Она была благодарна жрецу еще и за то, что его поручение поможет ей хоть как-то отойти от скорбных раздумий об Эйрианвен. Потом Лисандра подумала о том, что, по всей видимости, владеет языками и словом куда как получше самого Телемаха, значит, сумеет справиться лучше, чем вышло бы у него.
— Бальб-то не возражает? — спросила она.
— Ни в коем случае, — заверил ее жрец. — Он очень обрадовался, узнав, что о тебе станет заботиться искусный целитель, которому он еще и ничего не должен платить.
— Что еще за целитель? — удивилась Лисандра.
— Я весьма опытен в этом, — без ложной скромности кивнул Телемах.
— Похоже, твое искусство будет оплачено моим трудом переписчика, — усмехнулась Лисандра.
Усмешка потревожила струпья на разбитых губах, но она не позволила себе вздрогнуть.
— Вот именно. — Телемах протянул ей чистую тряпочку, чтобы утереть кровь. — Ну что, договорились?

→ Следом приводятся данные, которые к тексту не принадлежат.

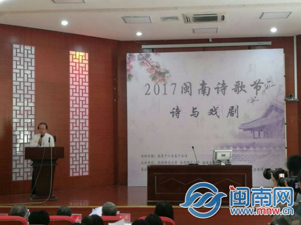 闽南网5月13日(通讯员 林枫 陈小环 福建MK体育/mksport体育·官方网站新媒体 闽南网记者 王惠敏)5月13日上午,2017闽南诗歌节——“诗歌与戏剧”大型文化交流活动在MK体育/mksport体育·官方网站开幕。来自国内外近30名诗人、学者、文学评论家和剧评家欢聚一堂,围绕诗歌与戏剧、文学与艺术进行深入研讨与交流,与闽南师大学子及漳州市民分享戏剧、琴艺、茶艺、书画等传统艺能延展活动的心得。

— Договорились, — сказала Лисандра. — Когда ты меня забираешь?
— Прямо сейчас.
Он поднялся и хотел было подать ей руку, но спартанка не приняла помощи, встала сама.
Жрец повернулся к двери.
— Ну что ж, идем.
Телемах хмуро улыбнулся, пользуясь тем, что Лисандра не могла видеть его лица. Когда Бальб явился к нему и рассказал, что произошло, жрец сразу понял, что оставить Лисандру наедине с ее мыслями значило дать девчонке погибнуть. Ланиста тоже беспокоился о ней, но его волновала судьба его собственности, Телемах же переживал о духовном и телесном здоровье спартанки. Собственно, он был не очень хорошо с нею знаком, но она была жрицей Афины. На ее долю выпало слишком много злосчастий. Ему захотелось помочь ей, тем более что это был его долг как духовного лица и как эллина. Вот он и убедил Бальба в том, что смена обстановки окажется для девочки самым лучшим лекарством.
Потом жрец вознес молитвы Афине и Немезиде об отыскании негодяев, содеявших над Лисандрой жестокое и срамное насилие. Пусть справедливая Паллада поможет привести беглецов на суд, а богиня мести — учинить над ними казнь, достойную такого злодейства.